Una serie de catastróficas desdichas

Como los huérfanos Violet, Klaus y Sunny Baudelaire, los facultativos del SAS hemos sido víctimas de una serie de catastróficas desdichas. De hecho, se diría que quien tradujo libremente el original A Series of Unfortunate Events lo hizo pensando en nosotros, porque lo que el cielo parece haber arrojado inclemente sobre nosotros no es un mero infortunio, sino una verdadera desgracia.

Quienes, como yo, comenzamos la residencia a finales del siglo pasado, perdimos la ilusión apenas comenzado el actual. La modernización del sistema sanitario, que ansiábamos protagonizar, consistió en la práctica en la implantación de una burocracia politizada que nos ahogó como profesionales y nos convirtió en herramientas al servicio de intereses partidistas. Despreciados como médicos y maltratados como trabajadores, se nos impidió ejercer nuestra profesión dignamente y se cegó cualquier posibilidad de prosperar por méritos exclusivamente profesionales. El partido que ha gobernado Andalucía durante décadas nunca nos tuvo aprecio, pues nos consideraba hostiles ideológicamente e irrelevantes electoralmente. Con todo, a pesar de la falsedad de ambos juicios, el principal error que cometió fue creer que se podía gestionar la medicina contra los médicos.

Contra todo pronóstico, las pasadas elecciones colocaron en el Gobierno andaluz a partidos que habían sido muy sensibles a nuestras demandas mientras estaban en la oposición. Me atrevería a afirmar que, con independencia de su voto, todos los médicos contemplaron el cambio con esperanza. Pero nuevamente la desdicha se cernió sobre nosotros. Las primeras medidas del nuevo Gobierno, más que a Andalucía, parecieron mirar a Madrid, donde se jugaba el resultado de las elecciones generales. La denuncia de la manipulación de las listas de espera, sin duda justificada, fue seguida de un plan de choque improvisado que apenas ha tenido efecto sobre la lista de espera, pero ha malgastado varios millones de euros que merecían un destino más meditado.

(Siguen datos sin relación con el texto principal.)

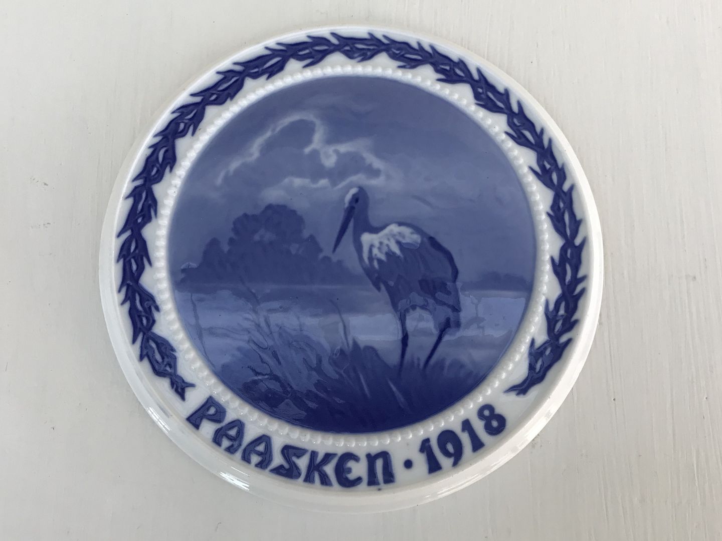 Bing & Grondahl, Easter plate, 1918, Stork, 19cm in diameter, Design Johannes Acton Friis * Perfect condition *

Sin dinero para llegar a finales de año, sin un modelo de gestión claro que reemplace la burocracia ineficiente que llevamos décadas padeciendo, sin cambios sustanciales en los directores y cargos intermedios, el actual Gobierno andaluz solo puede ofrecernos su comprensión y el mantenimiento de unas promesas a cuyo cumplimiento ahora se cuida de asignar una fecha. Es más de lo que nos ofrecían los otros, pero parece inevitable que los más benévolos se sienten decepcionados y los más impacientes engañados.

A estas alturas, todos sabemos que solo nosotros podremos poner fin a esta serie de catastróficas desdichas que nos abruman, y sabemos también que solo hay una forma de hacerlo. Hay un escaso margen para la paciencia, que tiene que ver con la entrada en vigor del próximo presupuesto andaluz. Si en él no aparecen medidas efectivas que mejoren nuestra situación, las movilizaciones serán ineludibles.